Image Captioning and Alt Text Generation using LLMs
During the academic year 2024/2025, ReLU has collaborated with Scibsted Media on a project regarding image captioning and alt text generation at VG. The goal was to fine-tune LLM’s to generate image captions in VG-style, based on the article text and article image. In this way, it would be possible to automate some of the journalists' repetitive tasks. We also experimented with alt text generation doing prompt engineering, to ensure good quality alt texts for vision impaired readers.

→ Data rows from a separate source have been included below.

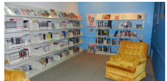
New Graphic Novel Room @ the Rawlins Library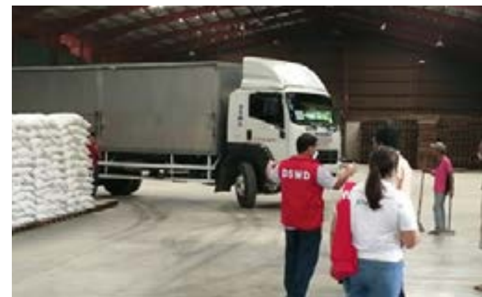
NFA employees assist DSWD officials during the withdrawal of rice donated by Korea at NFA Warehouse in Cagayan.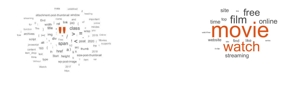
Fig. 6 Examples of word cloud images for Online Video Streaming web pages a) before web content pre-processing, and b) after web content pre-processing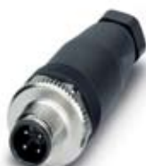
M12 Male Plug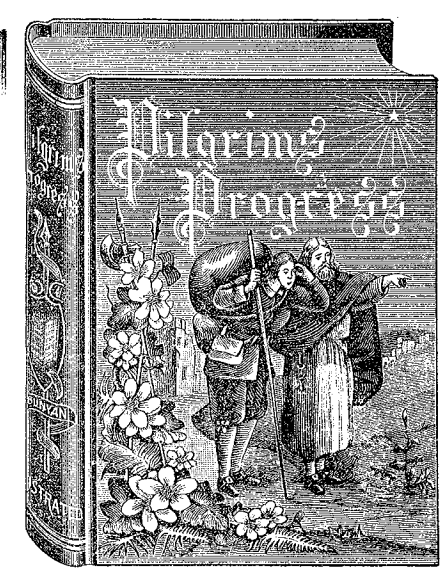
EARLY RELIGIOUS LIFE

The work is printed from clear, new type, and comprised in one Octavo volume of 548 LARGE PAGES. It is splendidly embellished with about 130 fine engravings; including a steel plate portrait of the anthor and 16 engravings in tunts. Bound in Fine Silk Cloth, Plan Edges, $2.00.

Our task was to explore and identify the best models and different methods for generating image captions and alt text. We fine-tuned models like Gemma, Llama and Qwen to produce VG-style captions. During the project period, we tested both multimodal fine-tuning and pure text finetuning, and benchmarked this with GPT-4 Turbo. In addition to this, we experimented with an AWS-based face recognition system for identifying both international and VG celebrities.
-
Schibsted is a leading Nordic media and online marketplaces group with roots dating back to 1839. Headquartered in Oslo and publicly listed on the Oslo Stock Exchange, the company operates a family of over 55 digital brands—including news outlets like VG, Aftenposten, Aftonbladet, Svenska Dagbladet, E24, and Bergens Tidende—alongside major marketplace platforms such as FINN, Blocket, DBA, and Oikotie. With nearly 6,000 employees across hubs in Oslo, Stockholm, Copenhagen, and Helsinki—and a broader presence in Poland, Austria, Portugal, and Spain—Schibsted draws over 1 billion monthly visits, reaching approximately 2.6 million Norwegians daily.